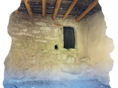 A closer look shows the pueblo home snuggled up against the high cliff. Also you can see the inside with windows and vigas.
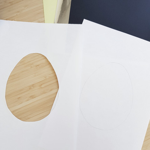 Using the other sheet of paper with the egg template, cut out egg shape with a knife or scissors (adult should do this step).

# # # # # # #

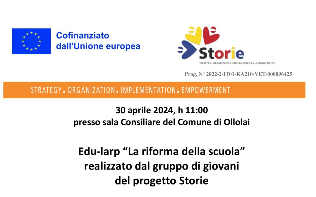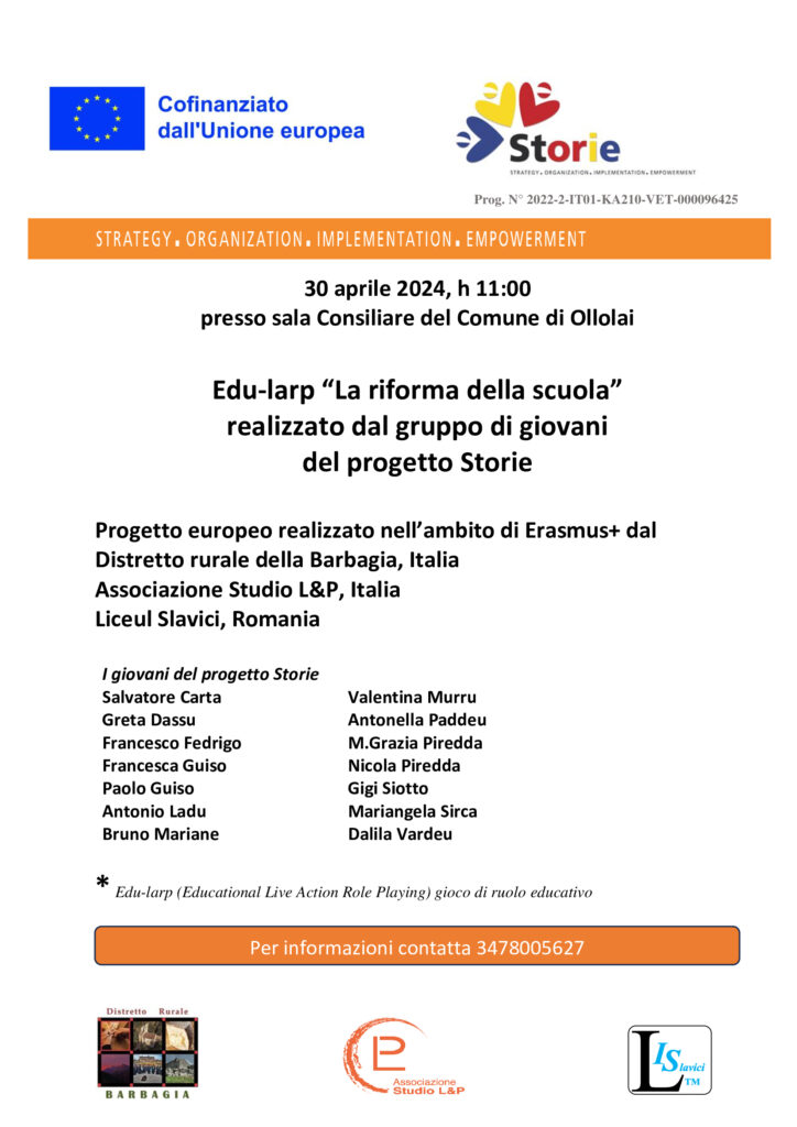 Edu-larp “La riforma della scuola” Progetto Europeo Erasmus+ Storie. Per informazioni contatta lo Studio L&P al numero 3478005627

# # # # # # #

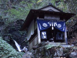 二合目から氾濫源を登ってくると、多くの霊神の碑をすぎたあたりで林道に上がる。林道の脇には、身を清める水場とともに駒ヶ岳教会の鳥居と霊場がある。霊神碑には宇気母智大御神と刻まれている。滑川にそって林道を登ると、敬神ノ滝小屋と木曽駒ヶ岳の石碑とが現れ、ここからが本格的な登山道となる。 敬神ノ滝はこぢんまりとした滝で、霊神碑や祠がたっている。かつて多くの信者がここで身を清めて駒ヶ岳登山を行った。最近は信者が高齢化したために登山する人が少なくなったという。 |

# # # # # # #

◆ WORK REQUEST: Reproduce the data above exactly, but only the lines from the one showing "A closer look" through the one showing "Using the other", with both ends kept and the pictures left out.

◆ COMPLETED TASK:
 A closer look shows the pueblo home snuggled up against the high cliff. Also you can see the inside with windows and vigas.
 Using the other sheet of paper with the egg template, cut out egg shape with a knife or scissors (adult should do this step).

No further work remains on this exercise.